Created on 06-24-2014 06:17 AM - edited 09-16-2022 02:00 AM
Hello ,
I have installed Cloudera manager 5 and using it I installed Solr , Zookeper , HDFS and Yarn services.
I am trying to do the following :
1. Load data to the HDFS
2. Access the HDFS using Solr .
Please suggest me steps to acheive the same .
Thanks
Bala
Created 06-25-2014 10:35 AM
Bala,
Follow steps:
Create a local Solr project directory and schema
Through
Viewing the results
This will have you setup a SOLR index in HDFS. You can use any CSV file for sample data.
Created 06-27-2014 06:44 AM
Hi Bala,
I have found that very rarely is data truly unstructured. What kind of data is it? Typically, there is some form of structure to the data. Can you send me a sample file kevin@cloudera.com
Created 06-27-2014 06:49 AM
Created 06-27-2014 06:53 AM
Bala,
It absolutely is.

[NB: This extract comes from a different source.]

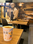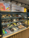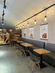 Приятная музыка, вежливый персонал, большой ассортимент выпечки, хлеба, круассанов. Чистый санузел. Взяли капучино, эклер и сочник. Кофе - безумно вкусный. Эклер и сочник - средне, как-то без особого удовольствия ( Стаканчики исключительно бумажные, не для эстетического вкуса.

I was just giving you a sample set of instructions so you could play with a CSV file ingest. You will be looking to use Apache Tika. The good news is there is a morphline to help you with that. The bad new is you will have to write that morphline. I would recommend starting here: https://github.com/cloudera/search#cdk-morphlines-solr-cell
Created 06-27-2014 06:57 AM
Created 06-27-2014 07:02 AM
You can follow the same steps I sent you, but you will need to switch to https://github.com/cloudera/search#cdk-morphlines-solr-cellcdk-morphline-solr-cell morphline instead of the CSV one in the example.
Created 06-27-2014 08:03 AM
Created 07-01-2014 08:42 AM
Created 07-03-2014 07:32 AM
Kevin , I followed the steps , It working as expected in dry run. But when i run without dry--run argument . It stops at this step 😞 😞
770 [main] INFO org.apache.solr.cloud.ZkController – Write file /tmp/1404354031741-0/velocity/facet_fields.vm
771 [main] INFO org.apache.solr.cloud.ZkController – Write file /tmp/1404354031741-0/elevate.xml
773 [main] INFO org.apache.solr.cloud.ZkController – Write file /tmp/1404354031741-0/admin-extra.menu-bottom.html
774 [main] INFO org.apache.solr.cloud.ZkController – Write file /tmp/1404354031741-0/schema.xml
897 [main] INFO org.apache.solr.hadoop.MapReduceIndexerTool – Indexing 1 files using 1 real mappers into 1 reducers
It stops in 897 itself . I restarted and tried , still the same .
Any help .
Thanks
Bala
Created 05-09-2018 02:25 AM
Is incremental load to Solr is possible? Meaning that If the dataset set that is going to load in the solr has some unique keys ( with or without update in other fields of the record) that are already present in the solr collection, I want existing records get updated and new record get inserted in Solr collection. Could you please let me know if it is possible in Solr or not. If yes, please advice in achieving the same.